Time to improvement of grade ≥2 cognitive effects in patients who started treatment with avapritinib 300 mg. Kaplan‐Meier estimated time (weeks) to improvement of cognitive effects from grade ≥2 to (A) a lower grade or (B) grade 1 or resolution.
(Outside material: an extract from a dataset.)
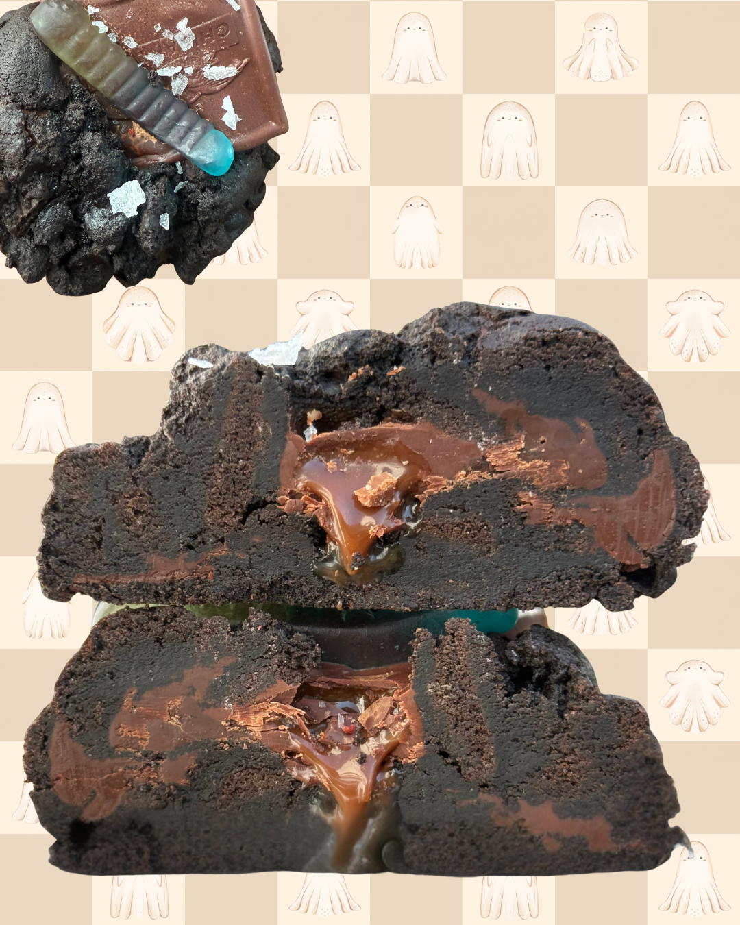 A Black Cocoa Cookie packed with Dark Chocolate Chips and Dark Chocolate Oreo's. Finished with a Lava Chocolate Ghirardelli Square and Gummy Worm and finished with Sea Salt Flakes.

In these 20 patients, a total of 30 cognitive effects events of grade ≥2 were reported. Dose modifications occurred in response to 14 of those events (47.0%; Table 3). Among the 30 grade ≥2 cognitive effects events reported, the dose of avapritinib was reduced in 1 (3.3%), interrupted in 10 (33.3%), and both interrupted and subsequently reduced in 3 (10.0%); the dose was not modified in response to 16 of these events (53.3%; Table 3). About half (16/30, 53.3%) of grade ≥2 cognitive effects events showed improvement to a lower grade in a median time of 2 weeks (range: 0.3–8.3; Table 3). Either dose interruption or dose interruption with subsequent reduction resulted in improvement of cognitive effects (to a lower grade, or to grade 1 or symptom resolution) in a median time of 1.3 weeks or 3.1 weeks, respectively. Without dose modification, the median time for symptom improvement to a lower grade was 4.9 weeks, and the median time for symptom improvement to grade 1 or resolution was 7.6 weeks (Table 3). Time for resolution could not be determined for patients who had unresolved ongoing AEs or who were lost to follow‐up. The median dose intensity of avapritinib in the 20 patients who started on 300 mg and experienced grade ≥2 cognitive effects was 233 mg (mean dose intensity 228 mg ± 68 mg). In comparison, among all 167 patients who started on avapritinib 300 mg, dose interruption due to AEs occurred in 110/167 (65.9%) patients and dose reduction in 75/167 (44.9%; Table 2). The median dose intensity of avapritinib in these 167 patients was 255 mg (mean dose intensity 244 mg ± 62 mg).

Table 3.

Outcome of grade ≥2 cognitive effect events^a by dose action taken in patients receiving a starting dose of avapritinib 300 mg

Outcome	Dose reduction (n = 1)	Dose interruption (n = 10)	Dose reduction and interruption (n = 3)	Any dose modification (n = 14)	No dose modification (n = 16)	Total (n = 30)
Event improved to grade 1 or resolved, n (%)	0 (0)	9 (90.0)	3 (100)	12 (85.7)	3 (18.8)	15 (50.0)
Median time, weeks (range)	—	1.3 (0.3–5.3)	3.1 (1.1–4)	1.6 (0.3–5.3)	7.6 (2.1–8.3)	2 (0.3–8.3)
Event improved to a lower grade, n (%)	0 (0)	9 (90.0)	3 (100.0)	12 (85.7)	4 (25.0)	16 (53.3)
Median time, weeks (range)	—	1.3 (0.3–5.3)	3.1 (1.1–4)	1.6 (0.3–5.3)	4.9 (1–8.3)	1.9 (0.3–8.3)
Event unchanged, n (%)	1 (100)	1 (10.0)	0 (0)	2 (14.3)	10 (62.5)	12 (40.0)
Median time, weeks (range)	6.6 (6.6–6.6)	4.3 (4.3–4.3)	—	5.4 (4.3–6.6)	4.5 (0.1–10.9)	4.5 (0.1–10.9)
Events worsened, n (%)	0 (0)	0 (0)	0 (0)	0 (0)	2 (12.5)	2 (6.7)
Median time, weeks (range)	—	—	—	—	0.9 (0.3–1.6)	0.9 (0.3–1.6)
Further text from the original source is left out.